Concurrent Learning Robust Adaptive Fault Tolerant Boundary Regulation of Hyperbolic Distributed Parameter Systems

IEEE Trans Neural Netw Learn Syst. 2022 Nov 30:PP. doi: 10.1109/TNNLS.2022.3224245. Online ahead of print.

Abstract

This article develops a robust adaptive boundary output regulation approach for a class of complex anticollocated hyperbolic partial differential equations subjected to multiplicative unknown faults in both the boundary sensor and actuator. The regulator design is based on the internal model principle, which amounts to stabilize a coupled cascade system, which consists of a finite-dimensional internal model driven by a hyperbolic distributed parameter system (DPS). To this end, a systematic sliding mode equipped with a backstepping approach is developed such that the robust state feedback control can be realized.
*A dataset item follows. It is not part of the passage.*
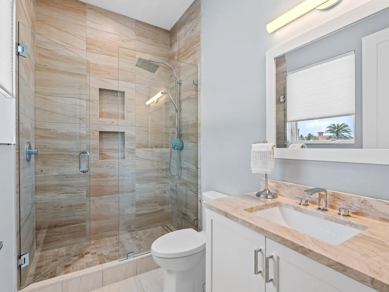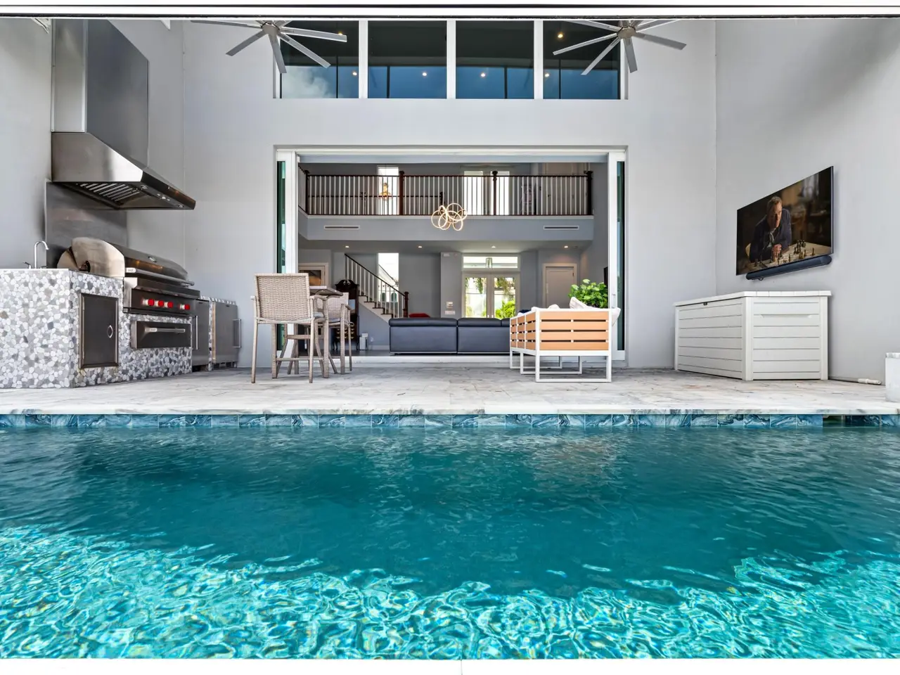 807 Dover Street, a 2021 custom built in Boca Raton's exclusive Bel Marra on 85+/- feet of waterfrontage, and direct ocean access with no fixed bridges, which offers a seamless blend of contemporary and classic design. Inside, high ceilings and premium finishes define the open, light-filled spaces. The chef's kitchen features high-end appliances with natural gas and is complemented by a dedicated wine room. The primary suite, located on the main level, overlooks the waterfront. A private elevator accesses the second floor, which includes a VIP suite and three additional guest rooms. Outside, sliding glass doors open up to the lanai with a remote phantom screen feature and summer kitchen. The property boasts a resort-style pool and spa.

Moreover, since the available information is a faulty boundary measurement at the right side point, state estimation is required. However, due to the presence of boundary unknown faults, we need to solve an issue of joint fault-state estimation. Restrictive persistent excitation conditions are usually required to guarantee the exact estimation of faults but are unrealistic in practice. To this end, a novel concurrent learning (CL) adaptive observer is proposed so that exponential convergence is obtained. It is the first time that the spirit of CL is introduced to the field of DPSs. Consequently, the observer-based adaptive boundary fault tolerant control scheme is developed, and rigorous theoretical analysis is given such that the exponential output regulation can be achieved. Finally, the effectiveness of the proposed methodology is demonstrated via comparative simulations.